(Saved data entries)
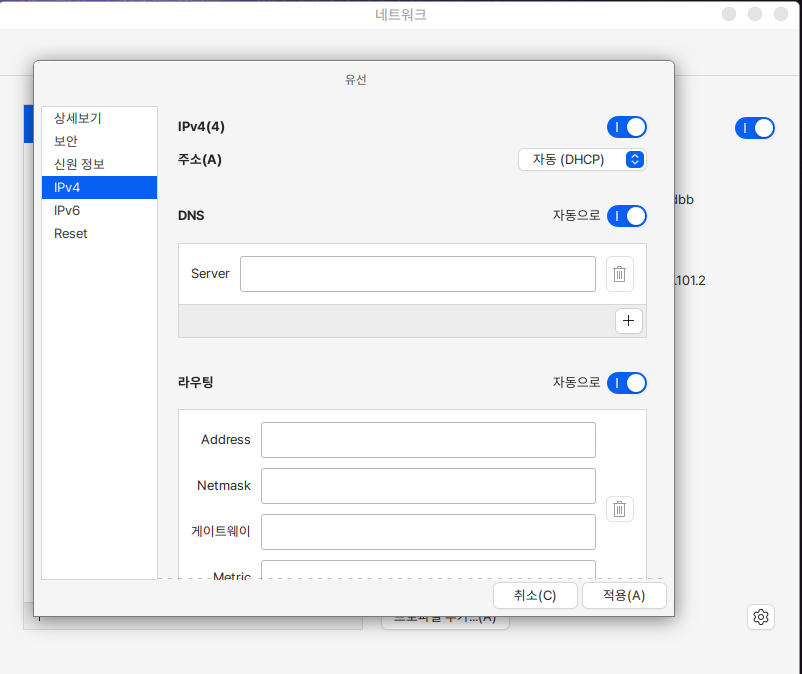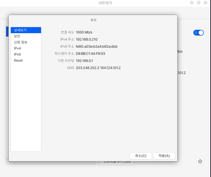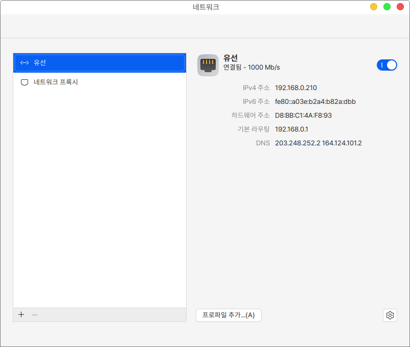 네트워크로 현재 연결되어 있는 IP의 상세정보나 무선인터넷을 확인하고, IP를 추가할 수 있습니다 &#x20;
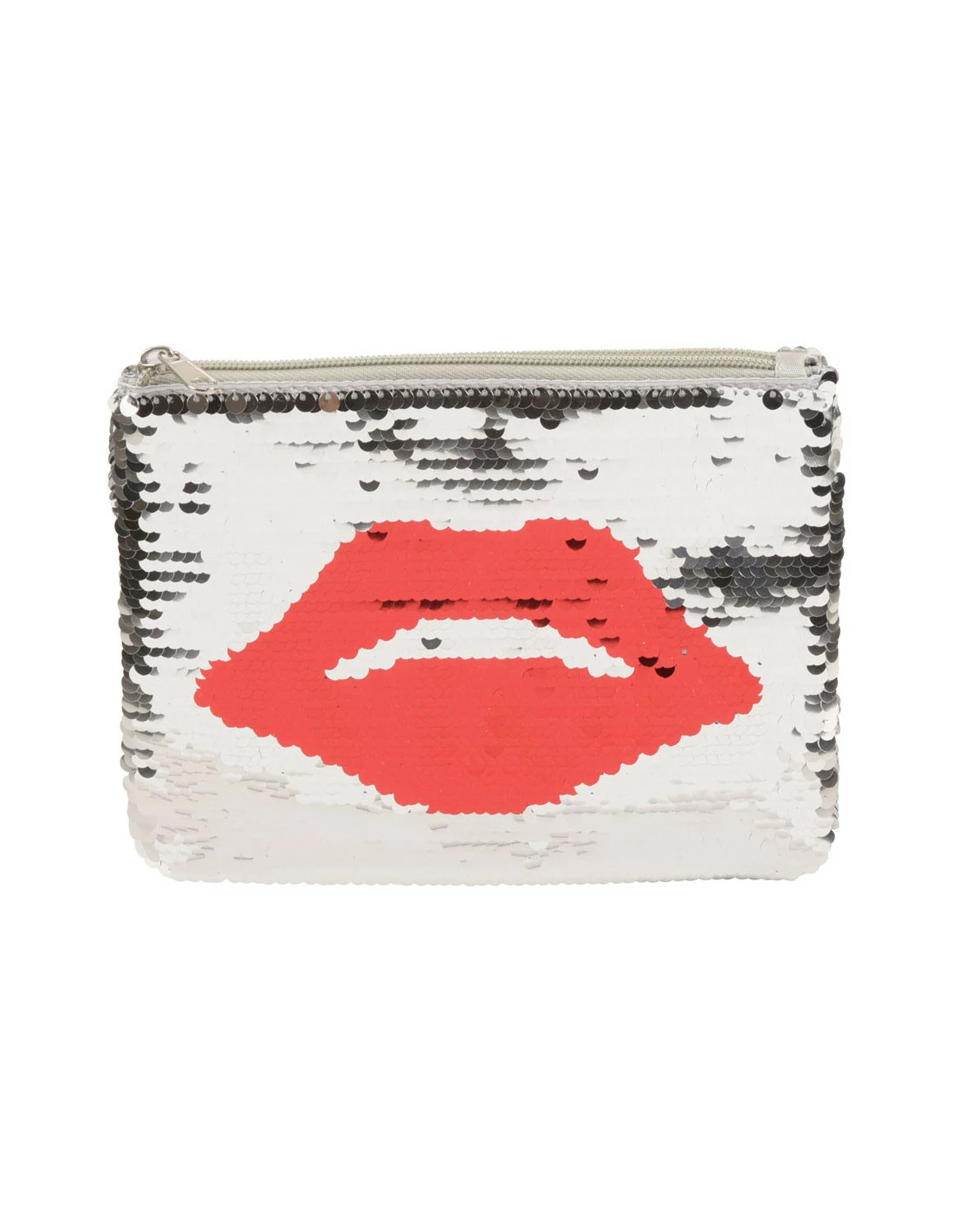 Vous retrouverez sur une face de la trousse une bouche rouge des plus sexy et tendance avec un fond de couleur argentée tout en sequins.
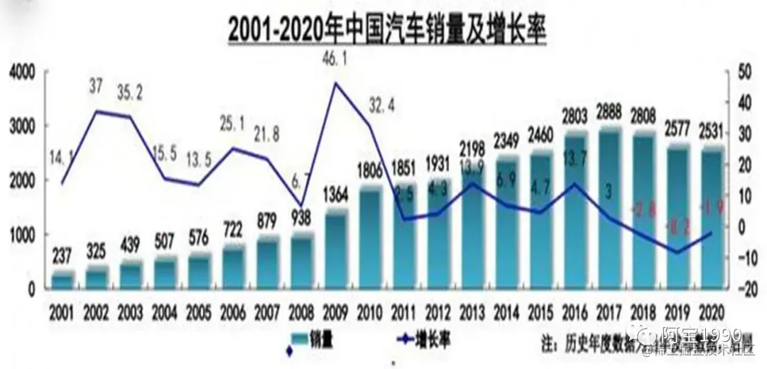 2020年遇上疫情,否则直接总销量应该是超过2019年,2020年我国汽车生产与销售分别完成2522.5万辆和2531.1万辆,同比分别下降2%和1.9%,降幅比上年分别收窄5.5和6.3个百分点,这个已经表现出了非常大的韧性和内动力了。
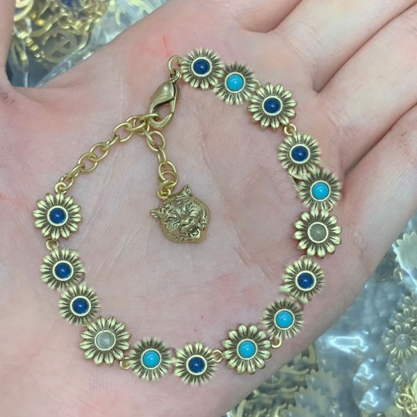 small daisy retro turquoise flower bracelet brass luxury women chain bangles copper material girls bracelets designer jewelry gifts gifts cg, Black
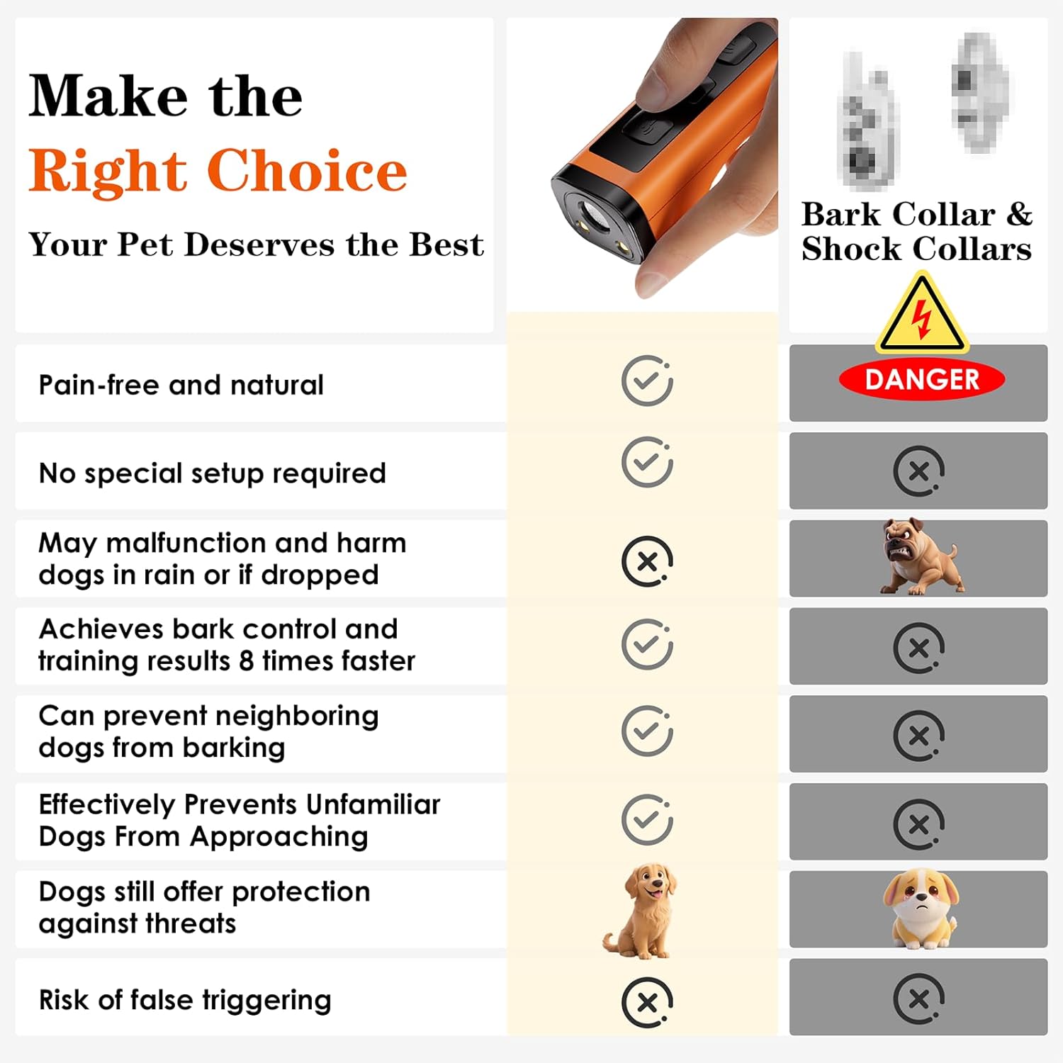 Dog Bark Deterrent Devices Rechargeable Anti-Barking Device for Dogs 50ft Long Range Ultrasonic Correct Your Dog's Bad Behavior at the Push of aButton Better Than Shock Collars or Dog Training Collars
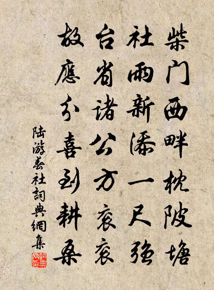 詩詞名句歷史字典書法欣賞書法字典國語詞典說文解字康熙字典古漢語字典標 題 作 者 詩 句 春社作者:陸游 朝代:宋代春社原文柴門西畔枕陂塘,社雨新添一尺強。台省諸公方袞袞,故應分喜到耕桑。詩詞問答問:春社的作者是誰?答:陸游問:春社寫於哪個朝代?答:宋代問:陸游的名句有哪些?答:陸游名句大全陸遊春社書法欣賞春社書法作品詩詞推薦綺寮怨·上馬人扶殘醉周邦彥〔宋代〕上馬人扶殘醉,曉風吹未醒。映水曲、翠瓦朱檐,垂楊里、乍見津亭。當時曾題敗壁,蛛絲罩、淡墨苔暈青。念去廣寒游趙汝鐩〔宋代〕九秋半矩月團團,瓊瑤世界夜氣寒。羽士躍身導阿瞞,麾斥八極青雲端。老柯擲桂香不死,銀橋跨空一萬里。飛步壽致政徐光祿趙汝騰〔宋代〕易躋廿四中書考,難聚三千聽講生。入侍親庭為一笑,方瞳弘景轉精神。【雙調】風入松_翠樓紅袖倒佚名〔元代〕翠樓紅袖倒金壺,春色滿皇都。夜闌地燒銀燭,那其間多少歡娛。薄利虛名間阻,俏風格以此消疏。 【喬牌對酒勸令公開春遊宴白居易〔唐代〕時泰歲豐無事日,功成名遂自由身。前頭更有忘憂日,向上應無快活人。自去年來多事故,從今日去少交親。宜須庚子年還朝飲酒絕句韓駒〔宋代〕三年逐客臥江皋,自與田翁酌小槽。飲慣茅柴諳苦硬,不知如蜜有香醪。楊柳枝詞二首皇甫松〔唐代〕爛漫春歸水國時,吳王宮殿柳絲垂。黃鶯長叫空閨畔,西子無因更得知。春入行宮映翠微,玄宗侍女舞菸絲。如今永新賀升卿著春秋會正論屢督跋戲往周必大〔宋代〕三傳名家各是非,聖經元自許傳疑。遲遲著語君知否,游夏猶難措一辭。感秋六首鄭獬〔宋代〕軒軒蒼角鷹,殺氣凌高秋。一息一萬里,獨與長風游。獵騎走霹靂,落臂無虛投。古冢白鼻狐,立死不得留。飛霜眼兒媚·平沙芳草渡頭洪咨夔〔宋代〕平沙芳草渡頭村。綠遍去年痕。遊絲下上,流鶯來往,無限銷魂。綺窗深靜人歸晚,金鴨水沈溫。海棠影下,子規戲成白髮二首張鎡〔宋代〕怕見人言老,梳頭夜二更。誰知燈燭夜,漏逗愈分明。挽水心先生二首劉克莊〔宋代〕一夢孝皇初,恓然四紀餘。國人莫知我,天下孰宗予。散地雖無柄,名山盡有書。烏虖傳萬世,猶足矯玄虛。偈頌三十八首釋如淨〔宋代〕結夏已過了,解夏猶未來。中間一句子,蓮花照水開。因甚落草止啼,元只為嬰孩。偈頌二百零五首釋正覺〔宋代〕不居功,不合半,脫體其間過一遍。夢覺船浮明月波,眼寒雪擁蘆華岸。吏隱宜春郡詩十首祖無擇〔宋代〕吏隱宜春郡,閒思應舉時,端居苦貧賤,徒步入京師。誤寵乘軒鶴,均憂入廟犧。功名在何許,雙鬢已垂絲。大雷雨方岳〔宋代〕黑雲壓山雨如鏃,霹靂火光龍起陸。四壁淋漓風撼屋,一窗寒燈臥空谷。龍簡龍簡盍歸來,先生床濕生青苔。未識經耒陽杜工部墓羅隱〔唐代〕紫菊馨香覆楚醪,奠君江畔雨蕭騷。旅魂自是才相累,閒骨何妨冢更高。騄驥喪來空蹇蹶,芝蘭衰後長蓬蒿。屈原不寐姜特立〔宋代〕老人夜不瞑,宿鳥未安棲。送睡馮杯酒,思晨聽曉雞。分蜂於石〔宋代〕群蜂割據作生涯,戶牖新開蜜釀花。漢世侯王自分國,秦民父子各當家。尊卑兩盡君臣義,朝夕爭趨南北衙。因感早秋龍興寺江亭閒眺憶龍門山居寄崔張舊從事(宜春作)李德裕〔唐代〕江亭感秋至,蘭徑悲露泫。粳稻秀晚川,杉松郁晴巘。嗟予有林壑,茲夕念原衍。綠筱連嶺多,青莎近溪淺。淵明名句推薦誠信者,天下之結也。管仲《管子·樞言》 仁義禮善之於人也,辟之若貨財粟米之於家也。荀子《荀子·大略》 黃埃散漫風蕭索,雲棧縈紆登劍閣。白居易《長恨歌》 留連光景惜朱顏,黃昏獨倚闌。李煜《阮郎歸·呈鄭王十二弟》 世間花葉不相倫,花入金盆葉作塵。李商隱《贈荷花》 無言暗將紅淚彈。闌珊,香銷輕夢還。納蘭性德《河傳·春淺》 喜遇重陽,更佳釀今朝新熟。宋江《滿江紅·喜遇重陽》 造物無言卻有情,每於寒盡覺春生。張維屏《新雷》 胭脂淚,相留醉,幾時重。李煜《相見歡·林花謝了春紅》 接漢疑星落,依樓似月懸。盧照鄰《十五夜觀燈》

### Task objective
Retype all the records shown above, character for character. Omit every picture.

### Output of the task
 네트워크로 현재 연결되어 있는 IP의 상세정보나 무선인터넷을 확인하고, IP를 추가할 수 있습니다 &#x20;
 Vous retrouverez sur une face de la trousse une bouche rouge des plus sexy et tendance avec un fond de couleur argentée tout en sequins.
 2020年遇上疫情,否则直接总销量应该是超过2019年,2020年我国汽车生产与销售分别完成2522.5万辆和2531.1万辆,同比分别下降2%和1.9%,降幅比上年分别收窄5.5和6.3个百分点,这个已经表现出了非常大的韧性和内动力了。
 small daisy retro turquoise flower bracelet brass luxury women chain bangles copper material girls bracelets designer jewelry gifts gifts cg, Black
 Dog Bark Deterrent Devices Rechargeable Anti-Barking Device for Dogs 50ft Long Range Ultrasonic Correct Your Dog's Bad Behavior at the Push of aButton Better Than Shock Collars or Dog Training Collars
 詩詞名句歷史字典書法欣賞書法字典國語詞典說文解字康熙字典古漢語字典標 題 作 者 詩 句 春社作者:陸游 朝代:宋代春社原文柴門西畔枕陂塘,社雨新添一尺強。台省諸公方袞袞,故應分喜到耕桑。詩詞問答問:春社的作者是誰?答:陸游問:春社寫於哪個朝代?答:宋代問:陸游的名句有哪些?答:陸游名句大全陸遊春社書法欣賞春社書法作品詩詞推薦綺寮怨·上馬人扶殘醉周邦彥〔宋代〕上馬人扶殘醉,曉風吹未醒。映水曲、翠瓦朱檐,垂楊里、乍見津亭。當時曾題敗壁,蛛絲罩、淡墨苔暈青。念去廣寒游趙汝鐩〔宋代〕九秋半矩月團團,瓊瑤世界夜氣寒。羽士躍身導阿瞞,麾斥八極青雲端。老柯擲桂香不死,銀橋跨空一萬里。飛步壽致政徐光祿趙汝騰〔宋代〕易躋廿四中書考,難聚三千聽講生。入侍親庭為一笑,方瞳弘景轉精神。【雙調】風入松_翠樓紅袖倒佚名〔元代〕翠樓紅袖倒金壺,春色滿皇都。夜闌地燒銀燭,那其間多少歡娛。薄利虛名間阻,俏風格以此消疏。 【喬牌對酒勸令公開春遊宴白居易〔唐代〕時泰歲豐無事日,功成名遂自由身。前頭更有忘憂日,向上應無快活人。自去年來多事故,從今日去少交親。宜須庚子年還朝飲酒絕句韓駒〔宋代〕三年逐客臥江皋,自與田翁酌小槽。飲慣茅柴諳苦硬,不知如蜜有香醪。楊柳枝詞二首皇甫松〔唐代〕爛漫春歸水國時,吳王宮殿柳絲垂。黃鶯長叫空閨畔,西子無因更得知。春入行宮映翠微,玄宗侍女舞菸絲。如今永新賀升卿著春秋會正論屢督跋戲往周必大〔宋代〕三傳名家各是非,聖經元自許傳疑。遲遲著語君知否,游夏猶難措一辭。感秋六首鄭獬〔宋代〕軒軒蒼角鷹,殺氣凌高秋。一息一萬里,獨與長風游。獵騎走霹靂,落臂無虛投。古冢白鼻狐,立死不得留。飛霜眼兒媚·平沙芳草渡頭洪咨夔〔宋代〕平沙芳草渡頭村。綠遍去年痕。遊絲下上,流鶯來往,無限銷魂。綺窗深靜人歸晚,金鴨水沈溫。海棠影下,子規戲成白髮二首張鎡〔宋代〕怕見人言老,梳頭夜二更。誰知燈燭夜,漏逗愈分明。挽水心先生二首劉克莊〔宋代〕一夢孝皇初,恓然四紀餘。國人莫知我,天下孰宗予。散地雖無柄,名山盡有書。烏虖傳萬世,猶足矯玄虛。偈頌三十八首釋如淨〔宋代〕結夏已過了,解夏猶未來。中間一句子,蓮花照水開。因甚落草止啼,元只為嬰孩。偈頌二百零五首釋正覺〔宋代〕不居功,不合半,脫體其間過一遍。夢覺船浮明月波,眼寒雪擁蘆華岸。吏隱宜春郡詩十首祖無擇〔宋代〕吏隱宜春郡,閒思應舉時,端居苦貧賤,徒步入京師。誤寵乘軒鶴,均憂入廟犧。功名在何許,雙鬢已垂絲。大雷雨方岳〔宋代〕黑雲壓山雨如鏃,霹靂火光龍起陸。四壁淋漓風撼屋,一窗寒燈臥空谷。龍簡龍簡盍歸來,先生床濕生青苔。未識經耒陽杜工部墓羅隱〔唐代〕紫菊馨香覆楚醪,奠君江畔雨蕭騷。旅魂自是才相累,閒骨何妨冢更高。騄驥喪來空蹇蹶,芝蘭衰後長蓬蒿。屈原不寐姜特立〔宋代〕老人夜不瞑,宿鳥未安棲。送睡馮杯酒,思晨聽曉雞。分蜂於石〔宋代〕群蜂割據作生涯,戶牖新開蜜釀花。漢世侯王自分國,秦民父子各當家。尊卑兩盡君臣義,朝夕爭趨南北衙。因感早秋龍興寺江亭閒眺憶龍門山居寄崔張舊從事(宜春作)李德裕〔唐代〕江亭感秋至,蘭徑悲露泫。粳稻秀晚川,杉松郁晴巘。嗟予有林壑,茲夕念原衍。綠筱連嶺多,青莎近溪淺。淵明名句推薦誠信者,天下之結也。管仲《管子·樞言》 仁義禮善之於人也,辟之若貨財粟米之於家也。荀子《荀子·大略》 黃埃散漫風蕭索,雲棧縈紆登劍閣。白居易《長恨歌》 留連光景惜朱顏,黃昏獨倚闌。李煜《阮郎歸·呈鄭王十二弟》 世間花葉不相倫,花入金盆葉作塵。李商隱《贈荷花》 無言暗將紅淚彈。闌珊,香銷輕夢還。納蘭性德《河傳·春淺》 喜遇重陽,更佳釀今朝新熟。宋江《滿江紅·喜遇重陽》 造物無言卻有情,每於寒盡覺春生。張維屏《新雷》 胭脂淚,相留醉,幾時重。李煜《相見歡·林花謝了春紅》 接漢疑星落,依樓似月懸。盧照鄰《十五夜觀燈》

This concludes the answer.